SUPPLIED MATERIAL: Begin
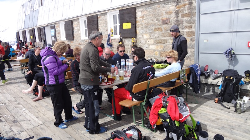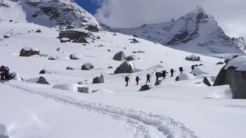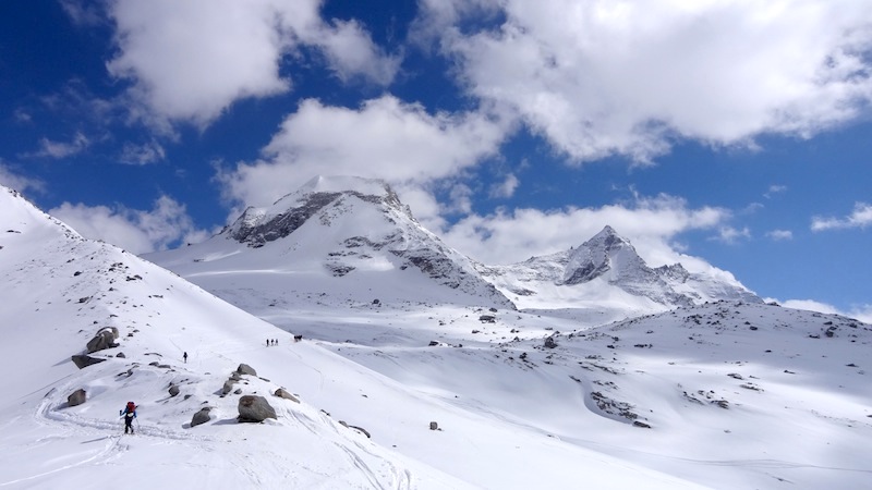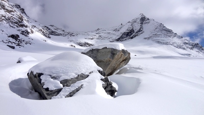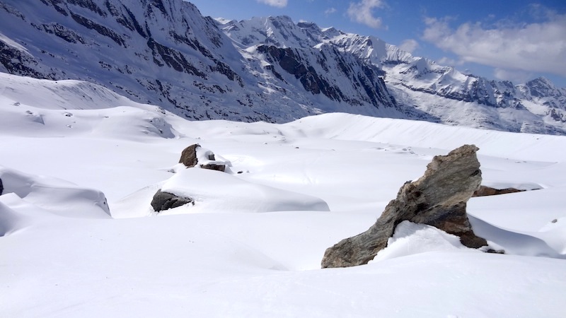 On est allé faire un tour au Grand Paradis, pour toucher un bout de ciel et faire une prière au pied de la Vierge. Elle nous attendait tranquillement, avec son sourire de Joconde aux lèvres, nous, pauvres humains , empêtrés dans nos Gore-tex Dynafit Scarpa Arcteryx Odlo Dynastar Petzl et j’en peux plus tellement on en avait autour du ventre. Qu’est-ce qu’on a bien pu lui raconter une fois là-haut ?
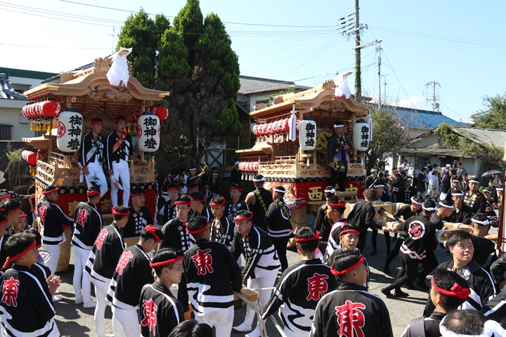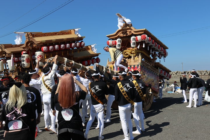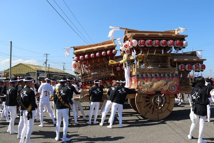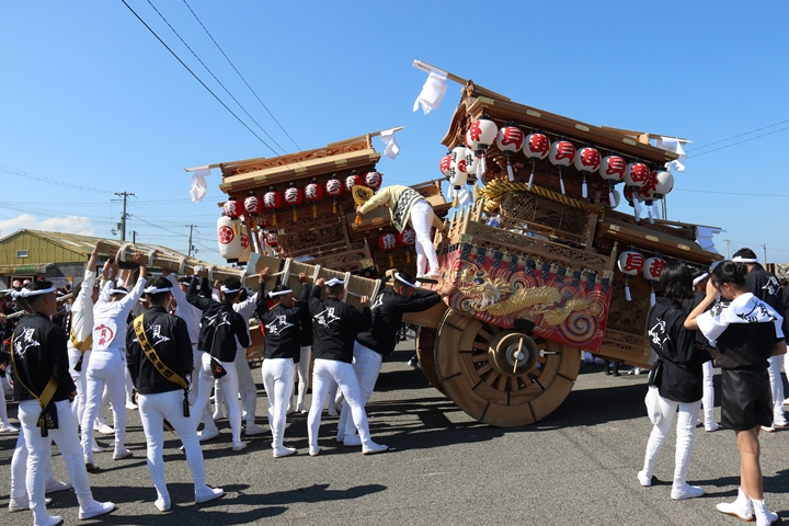 ![]() まずは村中を二周ところ曳き。 |
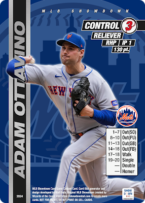 Been a while since we put out some cards, but we've been inspired by Cal's awesome 2011 set to put out some 2024 cards - especially when a battle between two of the highest payrolls in baseball is set to begin in the NLCS. I apologize if there's a change here-or-there that the teams made between NLDS and NLCS, but I'm just rocking with the playoff guys that I see (it's already going to be *a lot* of cards for y'all). All cards were made using the epic MLB Showdown bot, which you can use to make your own cards too! Without further ado, let's take a look at the teams in the NLCS: Dodgers and Mets!
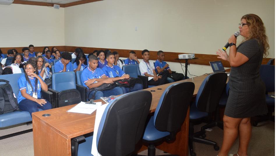 Recepcionados por uma das coordenadoras do programa, Cynthia Rabelo, os estudantes iniciaram o roteiro de visita no plenarinho, onde assistiram a palestras sobre Funções do Legislativo, com a coordenadora Laura Ramos, Estrutura Organizacional da AssembleiaLegislativa, com a instrutora Elvira Nery; e conheceramas obras de arte que compõem a decoração da Casa: omural de Carybé e o painel Galeota do Povo, de CarlosBastos, com instrutor Evandro Carvalho.
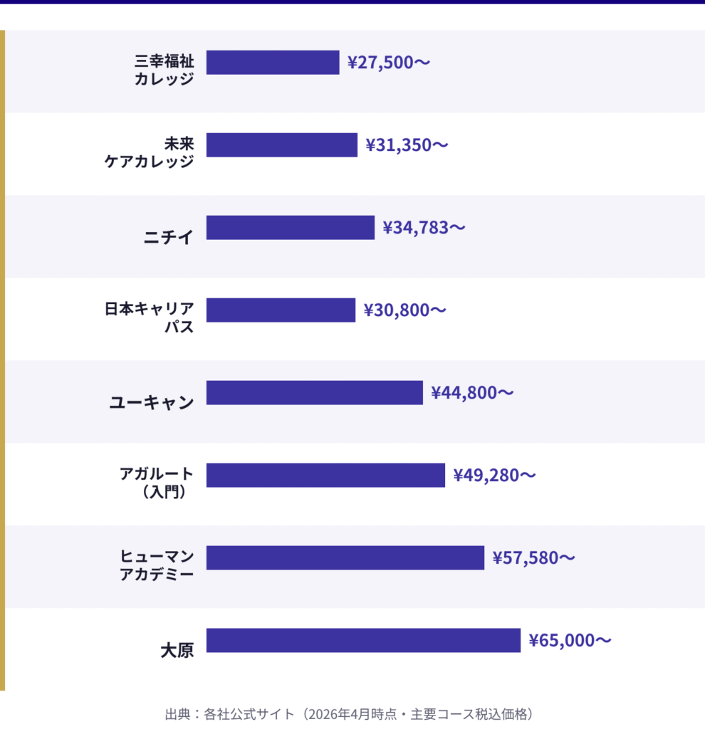 ※受講料はすべて税込の主要コース価格。キャンペーン価格は含まない。ニチイは通信コース・一括払い・教材費込の価格。ヒューマンアカデミーは分割払い例。
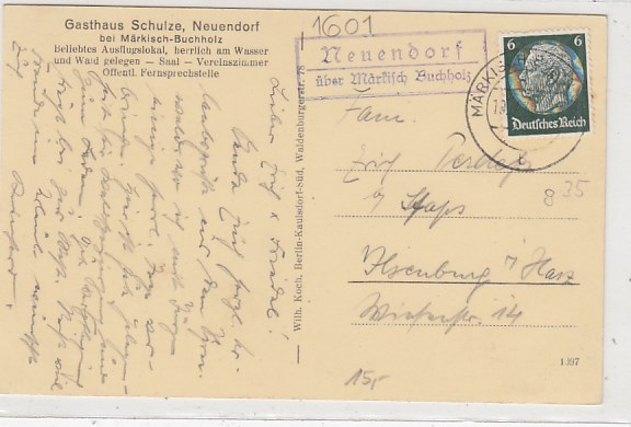 Neuendorf bei Märkisch-Buchholz mit Landpoststempel 1939
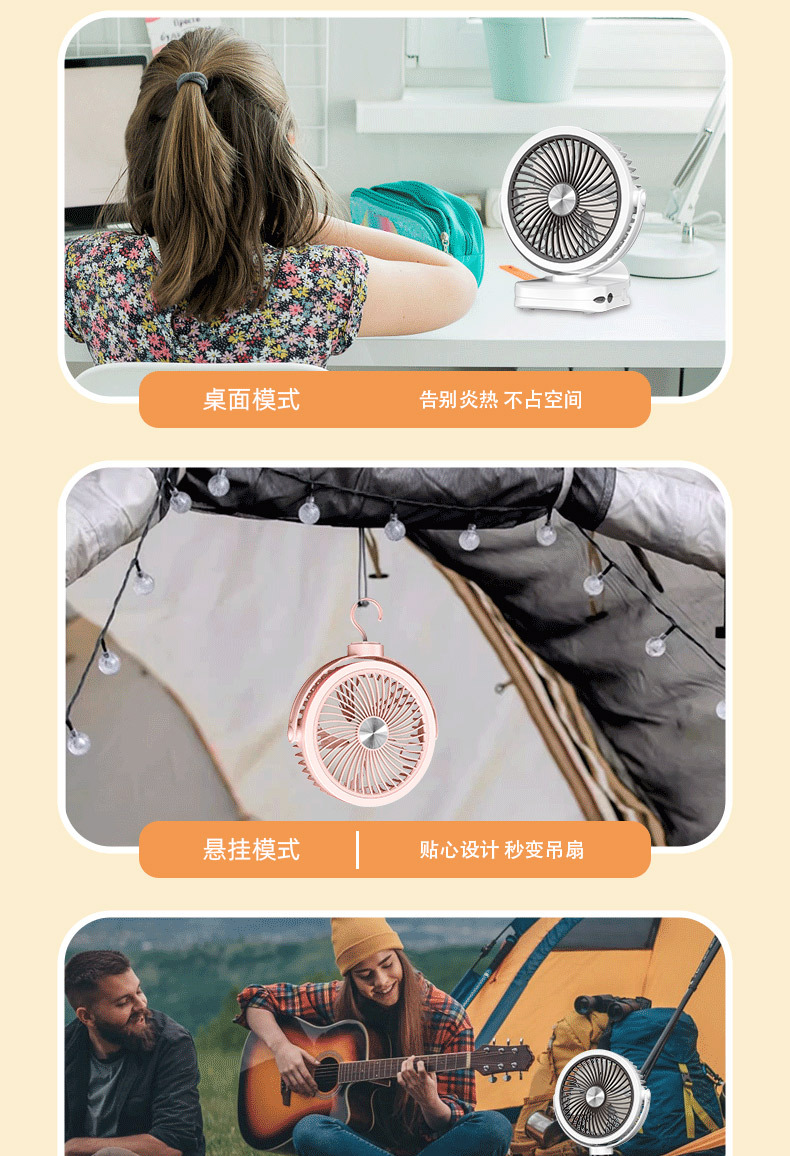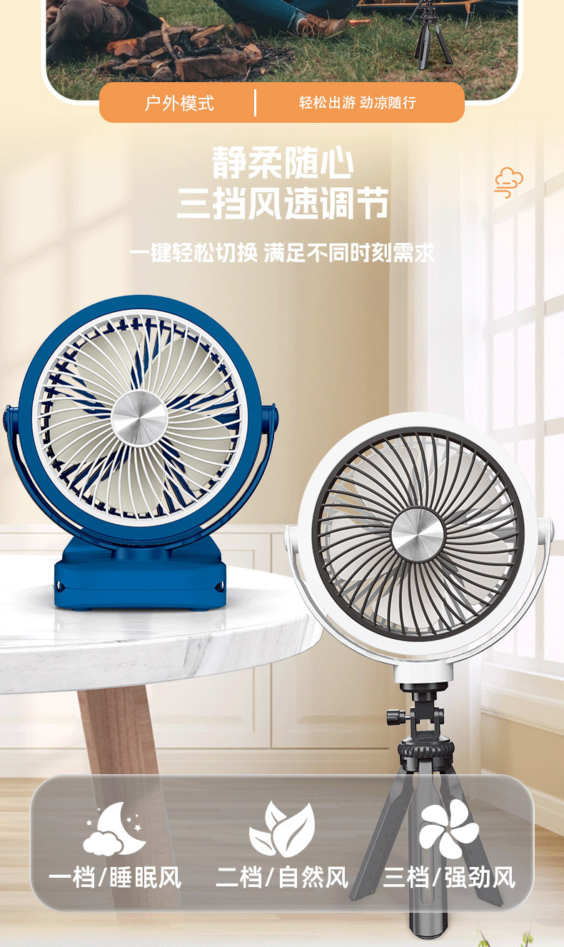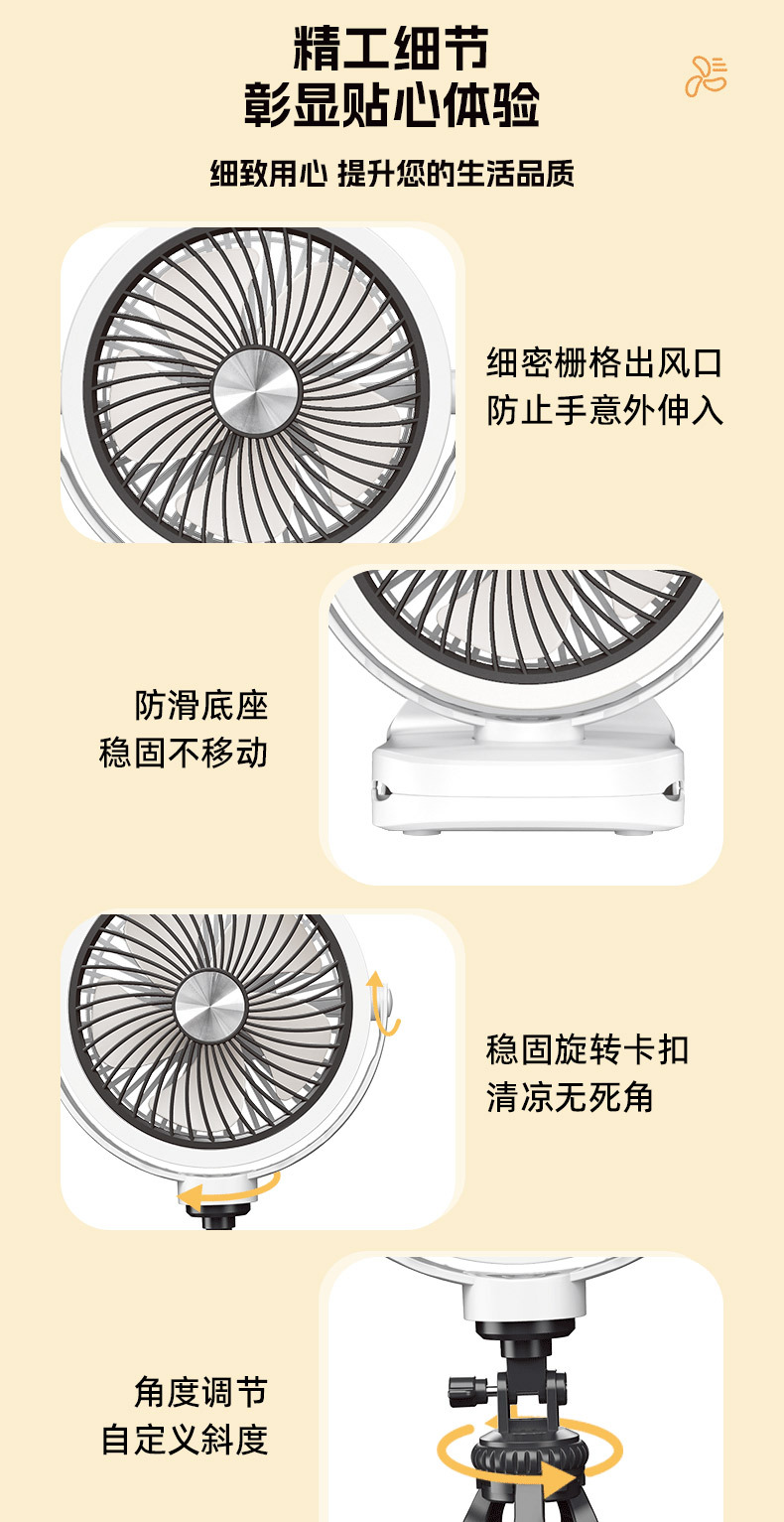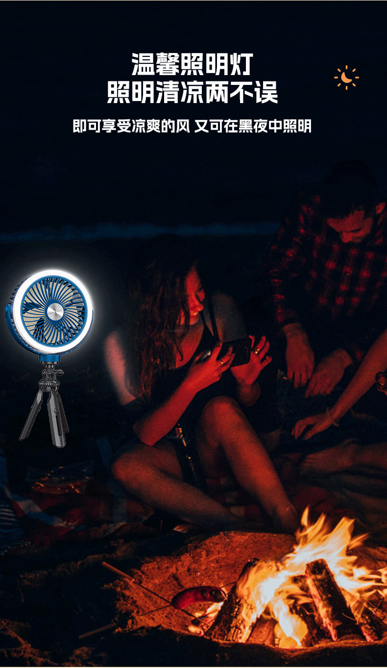 국경 간 기능 멀티 USB 충전 매일 야외 유모차 캠핑 샹들리에 팬 삼각대 야간 조명 선풍기 공장스토어 가기
SUPPLIED MATERIAL: End
● **DESCRIPTION OF THE TASK**: Your output is the lines from the top of the entries through the line containing "Been a while", exactly as they stand. No pictures belong in it.

● **TASK ANSWER**:
 On est allé faire un tour au Grand Paradis, pour toucher un bout de ciel et faire une prière au pied de la Vierge. Elle nous attendait tranquillement, avec son sourire de Joconde aux lèvres, nous, pauvres humains , empêtrés dans nos Gore-tex Dynafit Scarpa Arcteryx Odlo Dynastar Petzl et j’en peux plus tellement on en avait autour du ventre. Qu’est-ce qu’on a bien pu lui raconter une fois là-haut ?
 ![]() まずは村中を二周ところ曳き。 |
 Been a while since we put out some cards, but we've been inspired by Cal's awesome 2011 set to put out some 2024 cards - especially when a battle between two of the highest payrolls in baseball is set to begin in the NLCS. I apologize if there's a change here-or-there that the teams made between NLDS and NLCS, but I'm just rocking with the playoff guys that I see (it's already going to be *a lot* of cards for y'all). All cards were made using the epic MLB Showdown bot, which you can use to make your own cards too! Without further ado, let's take a look at the teams in the NLCS: Dodgers and Mets!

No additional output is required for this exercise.